- Task brief -
In the entries that follow, find the line containing "19201;13 19204.1 15" and the line containing "打台球朋友夸我的ootd很帅,那就拍两张吧 VLONE经典大V卫衣搭配迷彩湾刀裤 上衣短宽版型结合阔腿工装裤万能搭配公式", then retype exactly the lines from the first through the second, pictures excluded.

- Dataset excerpts -

════

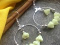 Stříbrné náušnice s vanilkovými skleněnými zvonečky a stříbrnými korálky. Komponenty v barvě stříbra, běžný kov. Průměr kruhu 3 cm, gumové zarážky
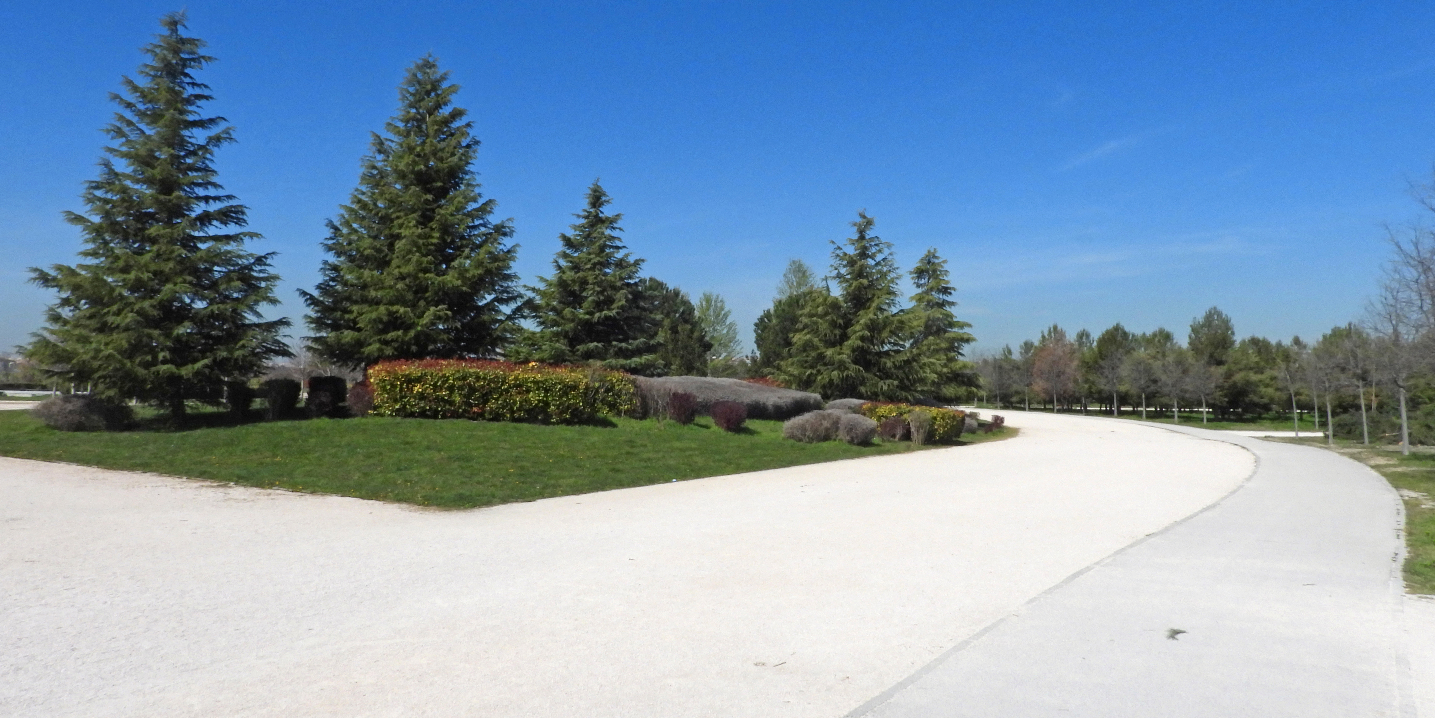 Eje Sur: en la zona sur, el parque se desarrolla a través de amplias zonas ajardinadas, céspedes, formaciones arbustivas y alineaciones de árboles, con un moderno sistema de riego que utiliza agua regenerada.
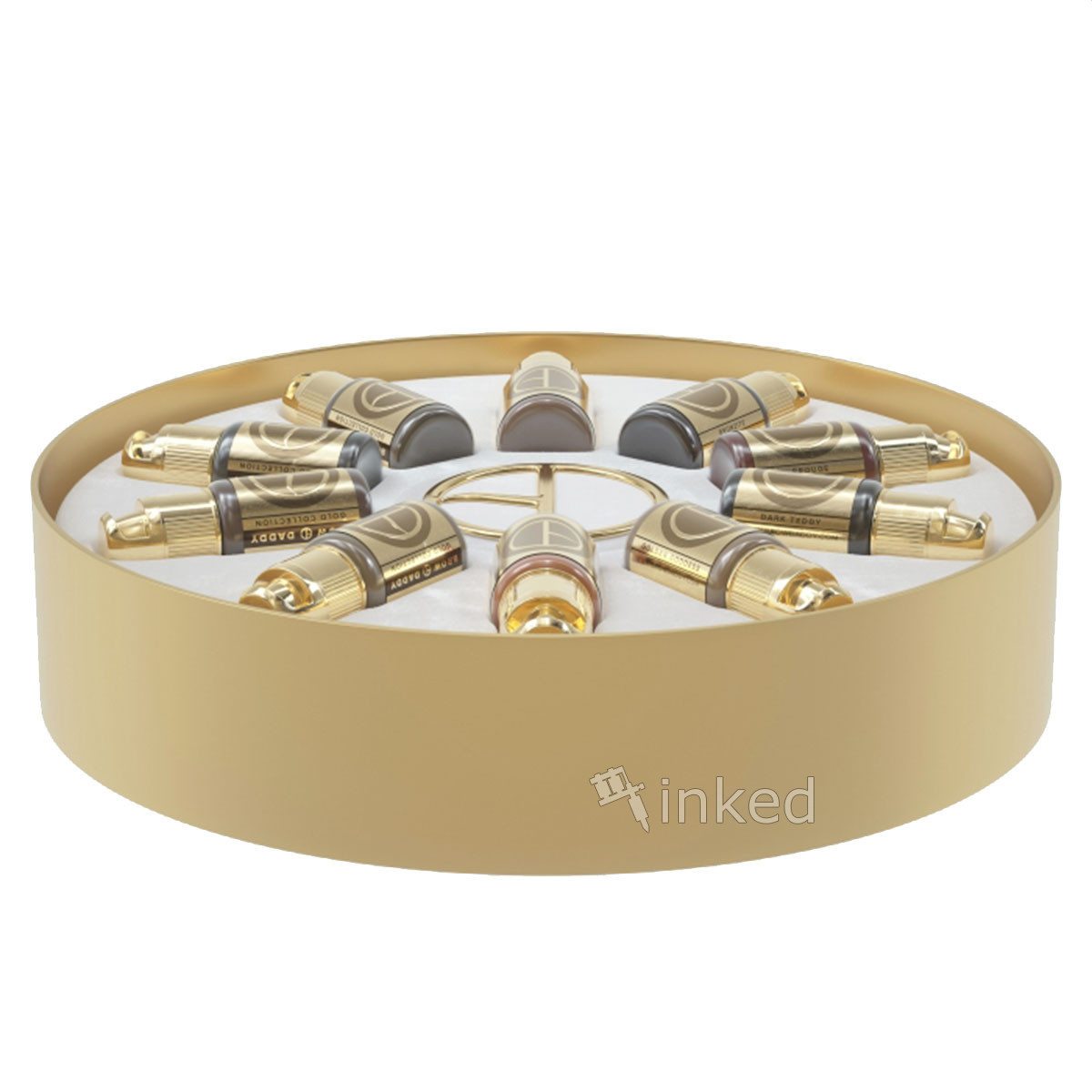 The Gold Collection – сет который состоит из 10 флаконов теплых и нейтральных цветов, от светлого до черного. Этот диапазон цветов с высокой степенью заживления (80–100%) позволяет художникам точнее выбирать цвета в соответствии с оттенками кожи клиента. "The Gold Collection" предлагает мастерам не просто новые оттенки любимых пигментов, но и более нейтральные цвета, которые подходят большинству клиентов.
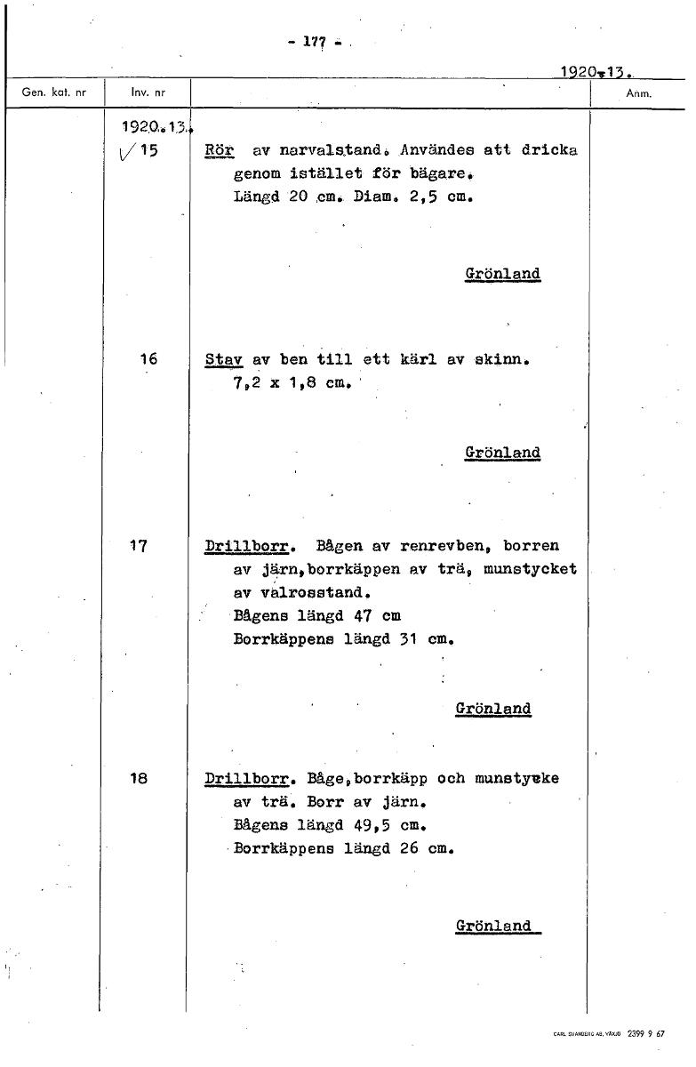 19201;13 19204.1 15 Rör av narvalstand, Användes att dricka genom istället för bägare, Längd 20 cm. Diam, 2,5 em. Grönland 16 Stav av ben till ett kärl av skinn. 702 x 1,8 cm.' Grönland 17 Drillborr. ...
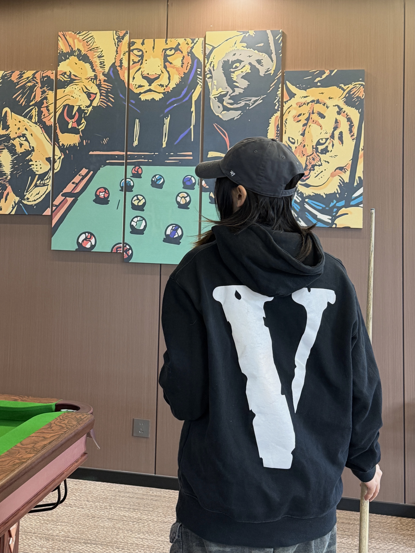 打台球朋友夸我的ootd很帅,那就拍两张吧 VLONE经典大V卫衣搭配迷彩湾刀裤 上衣短宽版型结合阔腿工装裤万能搭配公式 视觉拉长身体比例显高 而且很有美式街头氛围感了 球打得一般穿搭不能输h'h #10s学会穿搭技巧 #卫衣终于开窍了 #潮人的春天来了 #裤子选的好穿搭没烦恼 #VLONE彩动街头
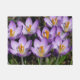 Cuando llega la primavera, uno de los primeros lugares alegres son los cruces que salen del suelo. Aquí hay una foto con el sol brillando en las cruces moradas. Visita nuestra tienda para ver más fotos de las primeras flores de primavera. Esta imagen también aparece como el fondo de pantalla panorámica "Cluster of Purple Crocuses" de la sección Primavera de MLeWallpapers.com.

════

- Reply to the exercise -
 19201;13 19204.1 15 Rör av narvalstand, Användes att dricka genom istället för bägare, Längd 20 cm. Diam, 2,5 em. Grönland 16 Stav av ben till ett kärl av skinn. 702 x 1,8 cm.' Grönland 17 Drillborr. ...
 打台球朋友夸我的ootd很帅,那就拍两张吧 VLONE经典大V卫衣搭配迷彩湾刀裤 上衣短宽版型结合阔腿工装裤万能搭配公式 视觉拉长身体比例显高 而且很有美式街头氛围感了 球打得一般穿搭不能输h'h #10s学会穿搭技巧 #卫衣终于开窍了 #潮人的春天来了 #裤子选的好穿搭没烦恼 #VLONE彩动街头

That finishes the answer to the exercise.